> [What needs to be done]
Whatever appears in the records, retype it exactly, except for the pictures.

> [Records to use]
● ● ● ● ●

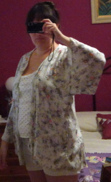 Como soy tímida, me tapo la cara con la cámara. Pero si tenéis alguna duda en las medidas o en la confección, no dudéis en preguntar. Sabéis que ando por redes sociales, Facebook. Twitter, Pinterest e Instagram son mis favoritas. Y voy a ponerme a coser otro kimono, que tengo otra tela maravillosa esperando desde ayer.
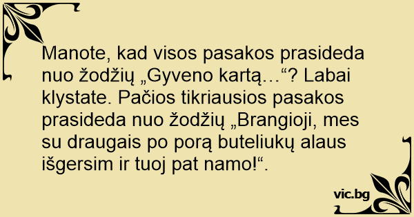 Manote, kad visos pasakos prasideda nuo žodžių „Gyveno kartą…“? Labai klystate. Pačios tikriausios pasakos prasideda nuo žodžių „Brangioji, mes su draugais po porą buteliukų alaus išgersim ir tuoj pat namo!“.
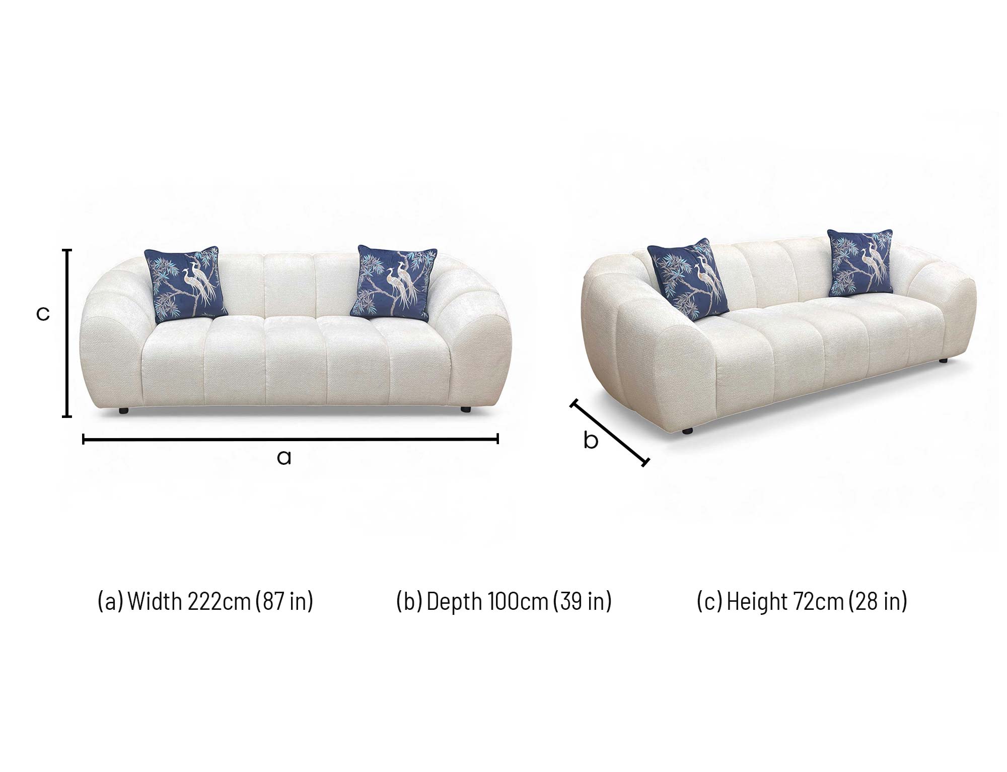 ‘Waldorf’ Soft Chenille Ivory White All Over 3 Seater Sofa
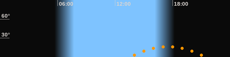 | Höchster Stand (Kulmination) | 17:29 Uhr (h = 16,5°) |
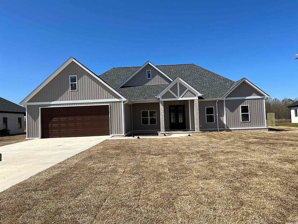 Brand new construction with vertical siding/Brick exterior, granite island kitchen with white cabinetry and black lighting accenting this beautiful home. Huge patio is covered, LVP flooring through out, split bedroom arrangement with gas log fireplace in greatroom. Garage is oversized
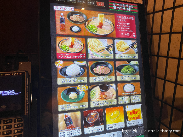 오사카 라멘 맛집 이치란 도톤보리점 별관은 본관보다 입구가 훨씬 작아요. 식당에 들어가면 키오스크가 2대 있고 직원분이 키오스크에서 주문하고 내려가면 된다고 하셔서 한국어 메뉴로 보고 골랐습니다. (오사카 이치란 웨이팅 길다고 들었는데 바로 들어가서 살짝 놀람.)

● ● ● ● ●

> [Solution to the exercise]
 Como soy tímida, me tapo la cara con la cámara. Pero si tenéis alguna duda en las medidas o en la confección, no dudéis en preguntar. Sabéis que ando por redes sociales, Facebook. Twitter, Pinterest e Instagram son mis favoritas. Y voy a ponerme a coser otro kimono, que tengo otra tela maravillosa esperando desde ayer.
 Manote, kad visos pasakos prasideda nuo žodžių „Gyveno kartą…“? Labai klystate. Pačios tikriausios pasakos prasideda nuo žodžių „Brangioji, mes su draugais po porą buteliukų alaus išgersim ir tuoj pat namo!“.
 ‘Waldorf’ Soft Chenille Ivory White All Over 3 Seater Sofa
 | Höchster Stand (Kulmination) | 17:29 Uhr (h = 16,5°) |
 Brand new construction with vertical siding/Brick exterior, granite island kitchen with white cabinetry and black lighting accenting this beautiful home. Huge patio is covered, LVP flooring through out, split bedroom arrangement with gas log fireplace in greatroom. Garage is oversized
 오사카 라멘 맛집 이치란 도톤보리점 별관은 본관보다 입구가 훨씬 작아요. 식당에 들어가면 키오스크가 2대 있고 직원분이 키오스크에서 주문하고 내려가면 된다고 하셔서 한국어 메뉴로 보고 골랐습니다. (오사카 이치란 웨이팅 길다고 들었는데 바로 들어가서 살짝 놀람.)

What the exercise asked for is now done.